I updated the condition with an additional pattern -

  timestamp: (v) => v instanceof Date || v.toString().match(/^\d\d\d\d-\d\d-\d\dT\d\d:\d\d:\d\d/) || v.toString().match(/^\d\d\d\d-\d\d-\d\d \d\d:\d\d:\d\d.\d\d\d/),

And added readOnly function in PrestoDriver.js

  readOnly() {
    return !!this.config.readOnly;
  }

It seems to work for me! Please let me know if this is the right fix, I would be happy to do a PR.

@paveltiunov (apologies to tag you, but I think you should take a look)

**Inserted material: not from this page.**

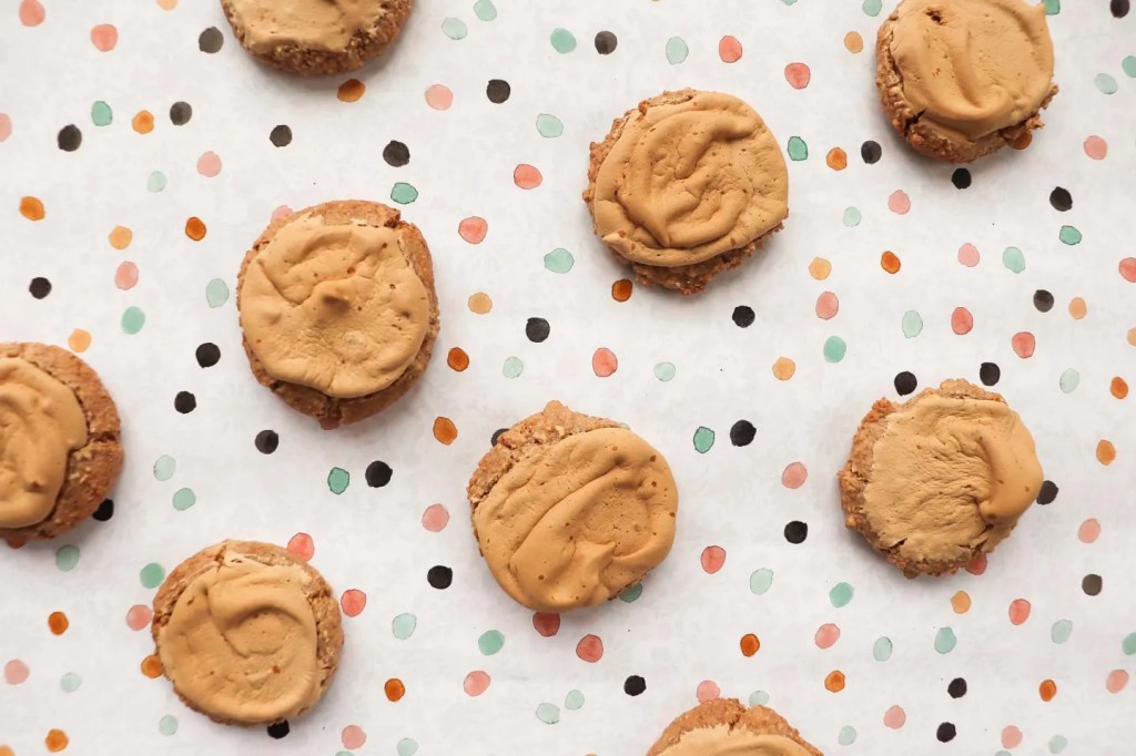 Das Eiweiß zusammen mit dem dunklen Muskovadozucker und dem Salz steif schlagen und mithilfe von 2 Teelöffeln auf den Plätzchen verstreichen.

jcw- commented 4 years ago

I think you're on the right track, a PR seems like a good next step to me. BTW if you make that readOnly change in the base driver, you'll also fix https://github.com/cube-js/cube.js/issues/1028 :)

anismiles commented 4 years ago

@jcw- Looks like implementation in BaseDriver covers it. I have tested it, and it works okay. I only needed to add additional regex to detect date pattern. Am I missing something here? I probably should remove

  readOnly() {
    return !!this.config.readOnly;
  }

from PrestoDriver Right?

jcw- commented 4 years ago

@anismiles right, move it to base driver :)

hassankhan commented 3 years ago

Hi @anismiles :wave:

Just wanted to follow up; we'd be delighted to review and merge a PR fixing this, if you can create one 😀

paveltiunov commented 1 month ago

Closing as storing pre-aggregations in Cube Store the only supported flow here.